Task statement: Give back an exact repetition of the material below, from its first line through the line that contains "아이돌 그룹의 경호원이", both included, minus the pictures.

** Opening Exercise data block **

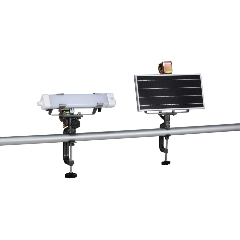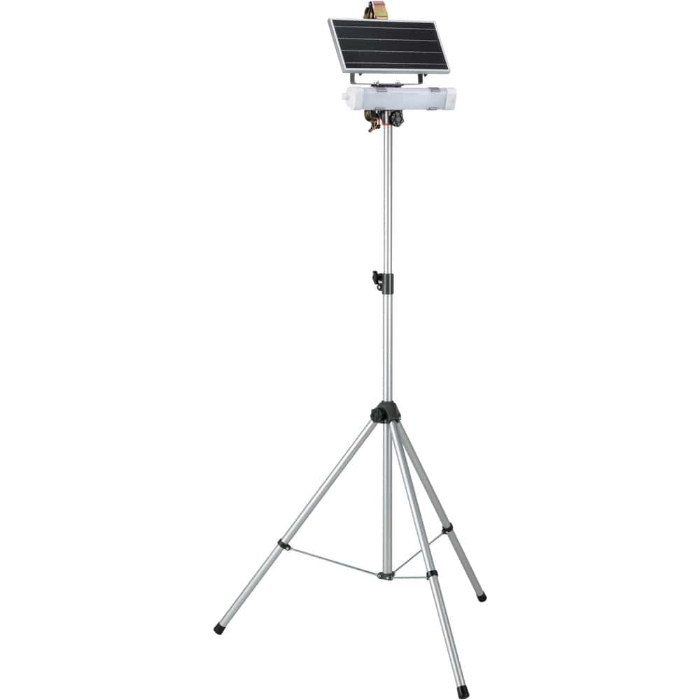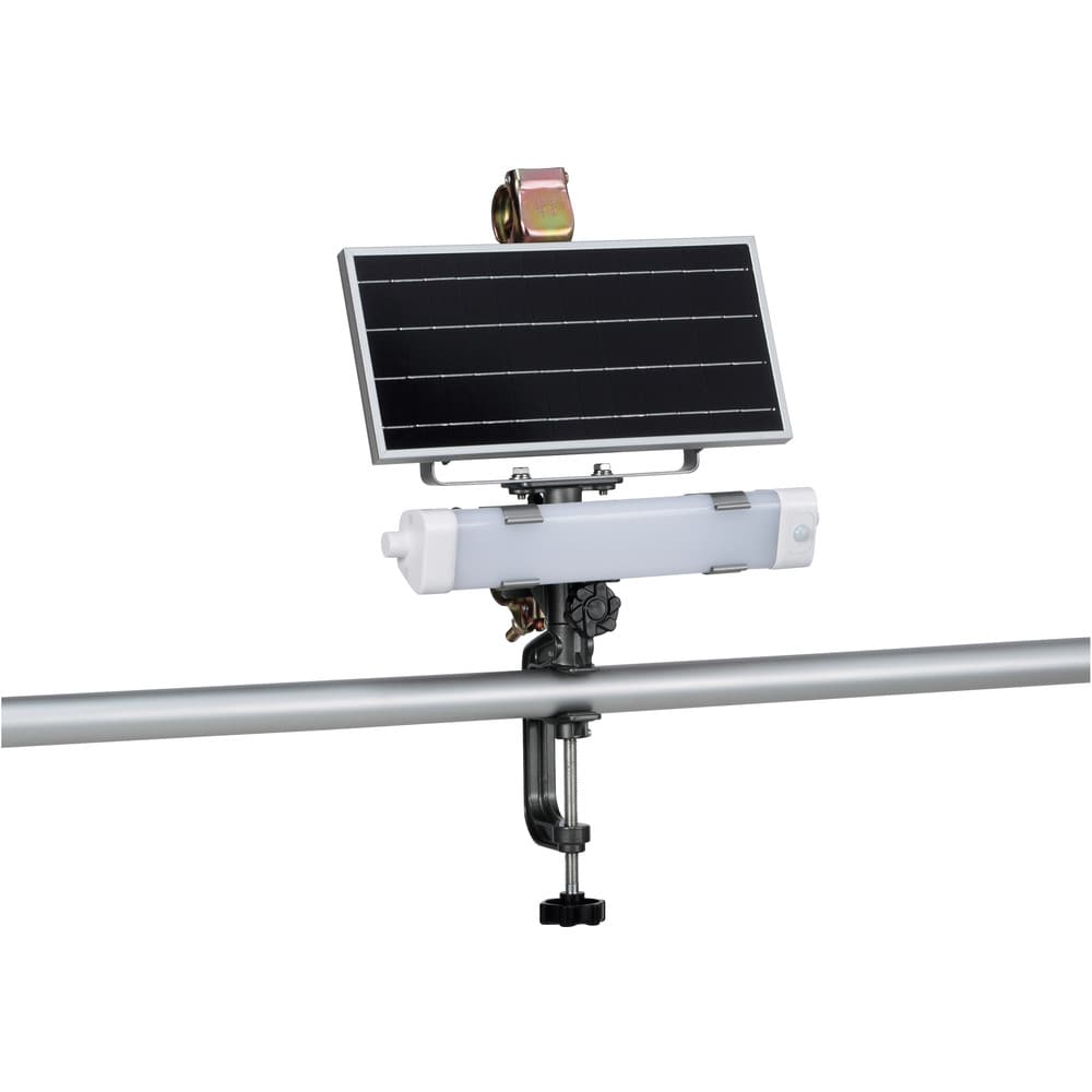 ●電源が取れない場所でもソーラーパネルで充電可能です。●灯体は工具不要で取り外せ、移動用照明としても使用可能です。●人感センサーモードで動作検知時のみ点灯し省エネです。●3WAYの取付方法(バイス・単管クランプ・三脚)ができます。●バイスと単管クランプ(φ48.6)は製品に標準付属です。●リモコン・延長スイッチ付属で離れた場所からでも操作可能です。●灯体とソーラーパネルはドッキング可能な構造です。●スッキリ収納できるケーブル収納アーム付きです。●USBポート出力(5V/最大1A)ができるのでスマートフォンなどの充電が可能です。●スッキリ収納できるケーブル収納アーム付です。●幅(mm):350●高さ(mm):170●使用電球(W):6●消費電流(W):6●点灯保持時間:約8時間(100%)●明るさ(lm):700●使用電池:定格3.7V リチウムイオン電池12000mAh●光源:白色LED(6W)●点灯時間(目安):100%:約8時間、50%:約16時間●充電時間(目安):約12時間●屋外用 質量4.5kg
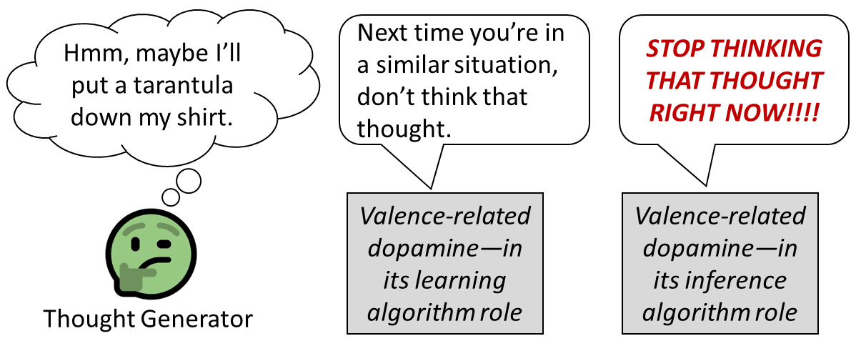 Anyway, in reinforcement learning, I think dopamine plays a role in both the learning algorithm and the inference algorithm. I have a fun diagram (from here) to illustrate:
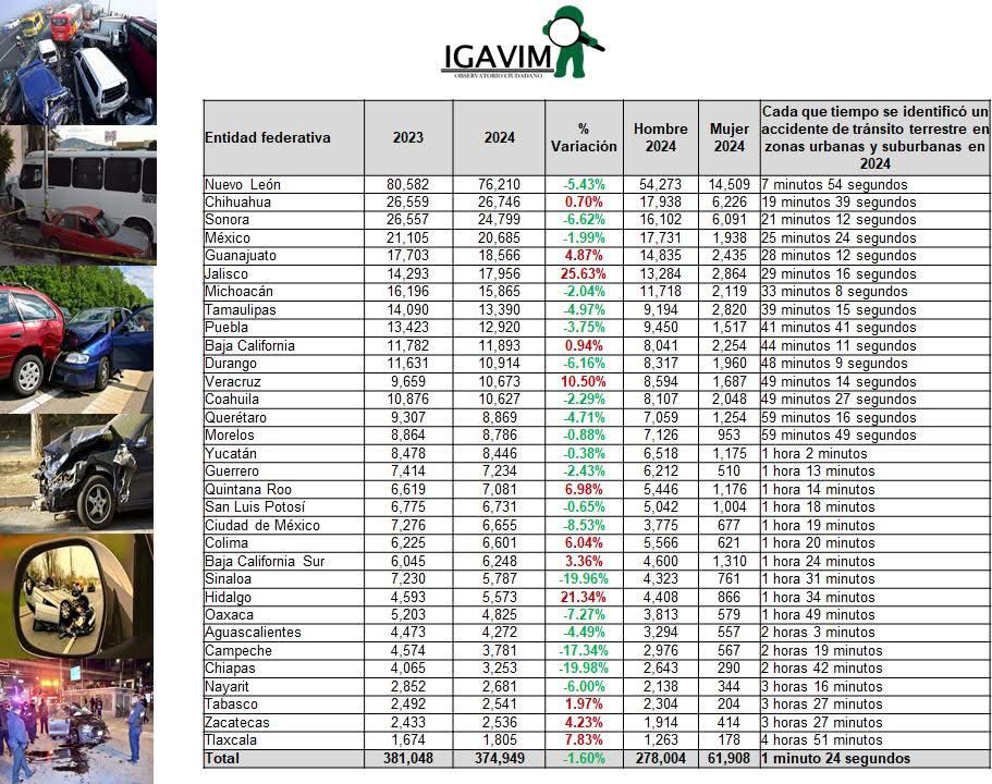En Tlaxcala un accidente cada 4 horas 51 minutos; en Nuevo León, cada 7 minutos
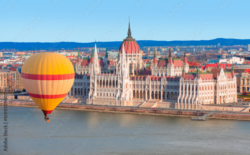 Hot air balloon flying over Budapest Parliament building at dusk on the Danube river - Budapest, Hungary
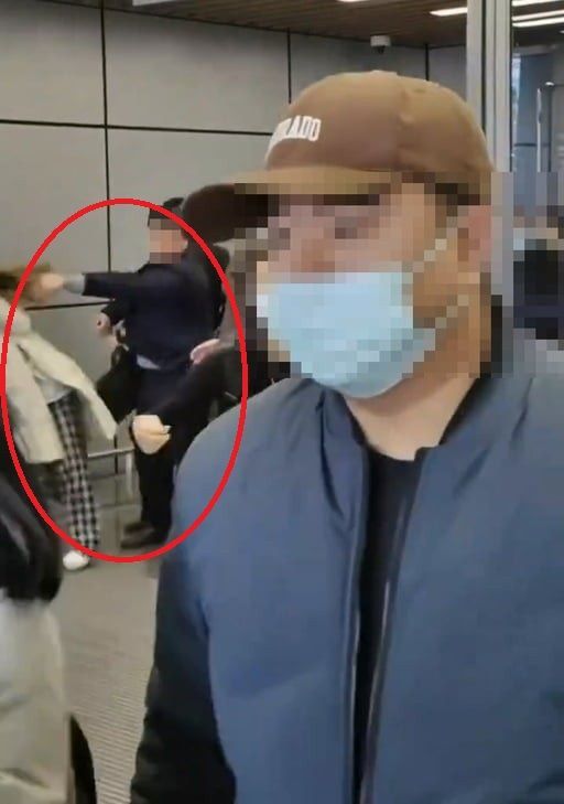 아이돌 그룹의 경호원이 공항에서 가수에게 다가선 여성 팬을 손으로 거세게 밀쳐 넘어뜨리는 영상이 공개돼 누리꾼이 공분하고 있다. [사진출처=엑스(X·옛 트위터)] |
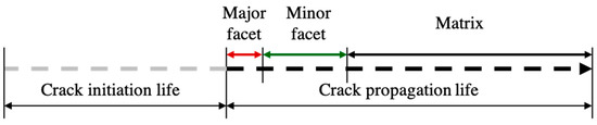 In general, fatigue life can be divided into the crack initiation life and crack propagation life. In facet-originated fractures, the crack initiation life represents the number of loading cycles before the first facet formation. The crack propagation life can be sub-divided into the facet formation life and the loading cycles consumed after the facet formation, respectively. Considering the two-step facet growth behavior, the schematic of the fatigue process in the β titanium alloy is shown in Figure 14. In Section 4.1., the experimental fatigue life was applied to derive the material constants (i.e., the crack initiation life and facet formation life were not considered in the calculation). Yoshinaka et al. conducted X-ray computed tomography (CT) to observe the internal fractures in an α + β titanium alloy Ti-6Al-4V. They reported that the crack initiation life varied from 20% to 80% of the total fatigue life, and that the first facet was formed instantaneously [33]. This indicates that the first facet formation life (i.e., fatigue life consumed by the major facet formation in the present study) is negligible. However, the crack initiation life should be considered for the estimation of the crack propagation rate. Therefore, in this section, we paid particular attention to the effect of the crack initiation life on the derivation process of the material constants based on the Tanaka–Akiniwa model.
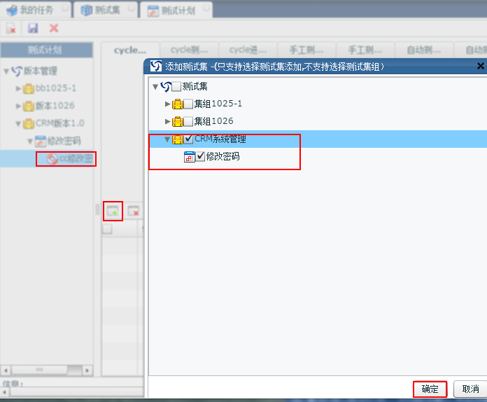 4.点击添加测试集,勾选需要执行的测试集 5.点击确定,轮次中显示绑定的测试集信息 |
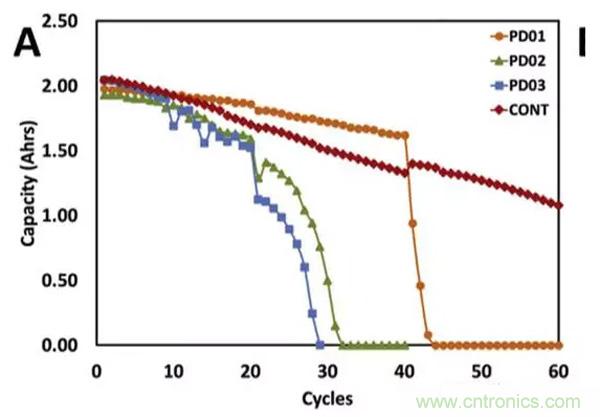 針對三個階段電池的衰降機理的研究認為,階段1可能是因為電池SEI膜生長需要消耗一部分Li+,因此衰降速度較快。在階段2隨著SEI膜結(jié)構(gòu)的穩(wěn)定,內(nèi)部較為穩(wěn)定,因此衰降速度較慢,在階段3隨著電池老化,開始發(fā)生活性物質(zhì)損失,電極活性界面減少,導致電池對于電流十分敏感。圖C是針對不同的截止電壓對電池衰降速度影響的實驗,從實驗結(jié)果可以看到,當把充電截止電壓提高到4.3V時會導致電池的循環(huán)性能急劇惡化,降低充電截止電壓可以有效的改善電池的循環(huán)性能。
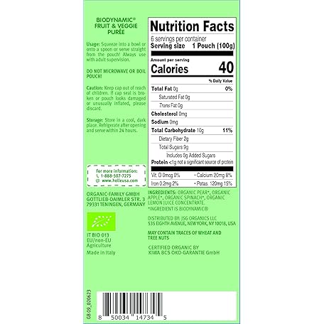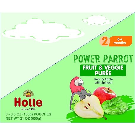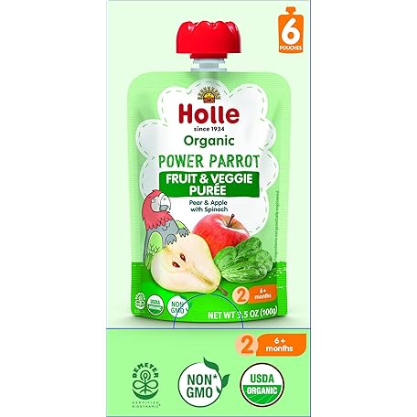 Sản phẩm Holle Organic Baby Food Pouches - Power Parrot Baby Puree with Pear, Apple & Spinach - (6 Pack) Organic Baby Snacks + Fruit and Veggie Pouches for Weaning Babies 6 Months and Older đang được bán với giá ưu đãi là $32.6891 tại nước Mỹ.
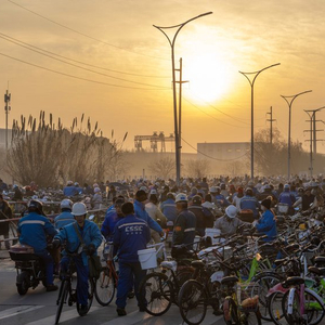 江南造船拥有两万七千多员工,每天早上7点,工人们穿过长兴江南大道进入厂区。本报记者 孟雨涵 摄
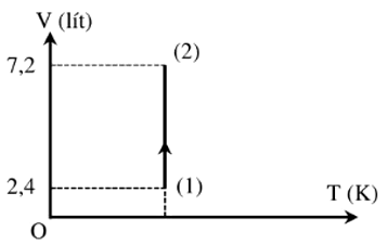 Một khối khí lí tưởng thực hiện quá trình được biểu diễn trên đồ thị. Biết áp suất của khối khí ở cuối quá trình là 3,6 atm.
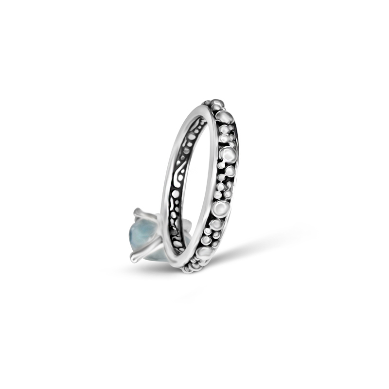 The band is adorned with intricate details inspired by traditional granulation techniques, enhancing its artisanal character. It also includes an engraved motif on the inner side of the ring, adding a distinctive and exclusive detail.
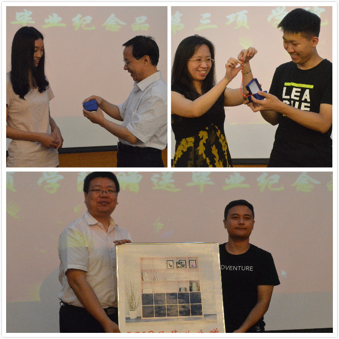 随后,公司和毕业生互送礼物。首先经理王小明和副经理马苗代表公司为毕业生代表赠送纪念品——定制纪念戒。纪念戒盒子上印着公司院徽和best365字样,纪念戒指外侧镌刻公司名称及院训“正行·明理·通道”,内侧刻有毕业生姓名和学号,每枚戒指独一无二。希望2018届毕业生能带着公司的殷切希望和真诚祝福,勇敢前行。随后,毕业生代表向公司赠送纪念品——书架。小小的书架承载着2018届毕业生对公司的真诚祝福,祝愿公司饱含书生气,桃李满天下。

** Closing Exercise data block **

Exercise solution:
 ●電源が取れない場所でもソーラーパネルで充電可能です。●灯体は工具不要で取り外せ、移動用照明としても使用可能です。●人感センサーモードで動作検知時のみ点灯し省エネです。●3WAYの取付方法(バイス・単管クランプ・三脚)ができます。●バイスと単管クランプ(φ48.6)は製品に標準付属です。●リモコン・延長スイッチ付属で離れた場所からでも操作可能です。●灯体とソーラーパネルはドッキング可能な構造です。●スッキリ収納できるケーブル収納アーム付きです。●USBポート出力(5V/最大1A)ができるのでスマートフォンなどの充電が可能です。●スッキリ収納できるケーブル収納アーム付です。●幅(mm):350●高さ(mm):170●使用電球(W):6●消費電流(W):6●点灯保持時間:約8時間(100%)●明るさ(lm):700●使用電池:定格3.7V リチウムイオン電池12000mAh●光源:白色LED(6W)●点灯時間(目安):100%:約8時間、50%:約16時間●充電時間(目安):約12時間●屋外用 質量4.5kg
 Anyway, in reinforcement learning, I think dopamine plays a role in both the learning algorithm and the inference algorithm. I have a fun diagram (from here) to illustrate:
En Tlaxcala un accidente cada 4 horas 51 minutos; en Nuevo León, cada 7 minutos
 Hot air balloon flying over Budapest Parliament building at dusk on the Danube river - Budapest, Hungary
 아이돌 그룹의 경호원이 공항에서 가수에게 다가선 여성 팬을 손으로 거세게 밀쳐 넘어뜨리는 영상이 공개돼 누리꾼이 공분하고 있다. [사진출처=엑스(X·옛 트위터)] |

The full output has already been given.